The reasonableness of the error analysis provided by TIGERScore was assessed through a random selection of 50 error analyses from each evaluation dataset.

These error analyses are then evaluated by human experts who rated them from the following perspectives:

Reasonableness: The human experts directly pointed out which errors are problematic in error analyses, examining whether the analysis contained hallucination or illogical reasoning.
Comprehensiveness: The human experts carefully review the source, output, and error analyses to determine if there are any additional errors unnoticed by TIGERScore. Based on human experts' analysis, they give a score on a scale of 1 to 4, specifically focused on identifying potential errors that may have been overlooked in the original analysis conducted by TIGERScore.
Effectiveness: The revision suggestions in error analyses are evaluated by human experts, on a scale of 1 to 5, to determine their appropriateness and effectiveness in enhancing the output quantity.
Overall: The Human experts further assign an overall score on a scale of 1 to 5 based on the reasonableness, comprehensiveness, and effectiveness of the error analysis.

Aspects	Explaination Error?		Overlooked Errors				Helpful of Revision Suggestions					Overall Rating
Task↓ Rate→	Correct	Wrong	1	2	3	4	1	2	3	4	5	1	2	3	4	5
Summ	70	35	2	17	15	16	6	4	19	7	14	3	10	17	7	13
Trans	54	25	3	8	17	22	2	7	17	6	18	3	6	15	9	17
D2T	19	21	1	8	10	31	11	8	9	3	19	11	10	4	7	18
LF-QA	42	19	4	10	11	25	5	8	14	7	16	6	8	10	6	20
MathQA	39	26	5	12	12	21	5	7	19	5	14	4	9	10	13	14
Instruct	5	9	5	5	8	32	21	3	5	2	19	9	4	3	7	27
Story-Gen	66	29	7	16	13	14	7	6	16	10	11	7	12	11	9	11
Total	295	164	27	76	86	161	57	43	99	40	111	43	59	70	58	120

Table 4:Human evaluation results, the first question is asked per error in error analyses, and the others are per sample.

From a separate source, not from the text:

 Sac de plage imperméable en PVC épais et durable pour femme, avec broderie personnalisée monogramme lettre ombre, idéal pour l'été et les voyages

Superior performance is indicated by higher numerical values. The most-voted rate of each task for each human evaluation aspect is bolded.

Two Channel Data Collection

The different perfermance among different data source

Figure 3: Investigation of the influence of Real-World & Synthesic mix training on the 13B model.

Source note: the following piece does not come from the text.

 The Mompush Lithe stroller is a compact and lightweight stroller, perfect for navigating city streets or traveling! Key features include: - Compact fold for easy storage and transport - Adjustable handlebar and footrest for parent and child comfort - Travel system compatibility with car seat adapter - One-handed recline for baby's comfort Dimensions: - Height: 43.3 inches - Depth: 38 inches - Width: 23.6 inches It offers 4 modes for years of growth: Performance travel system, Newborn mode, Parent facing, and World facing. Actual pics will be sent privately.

To investigate the significance of our two-channel data in contributing to the strong performance of TIGERScore, we conducted a series of experiments with the following setups:

TIGERScore (MetricInstruct-Real-World), abbreviated as ReW, which aimed to assess the quality of our real-world data and evaluate how to represent real-world data.
TIGERScore (MetricInstruct-Synthesic), abbreviated as Syn, which aimed to evaluate the impact of our synthetic data in enhancing quality as the complement.
TIGERScore (MetricInstruct-Mix), abbreviated as Mix, our official model, to assess the combined effect of using both types of data during training.

Significantly, the Mix model outperformed both ReW and Syn in 5 of the 7 tasks. It also achieves an average correlation approximately 20% higher than ReW and 31% higher than Syn. Although there are slight decreases in correlation for the D2T and Story-Gen tasks when mixing data, the absolute correlation scores for them are around 40, which is considerably high. We think it's an acceptable compromise for the overall model performance. These findings demonstrate the successful complementary nature of our two-channel data, leading to enhanced performance when combined.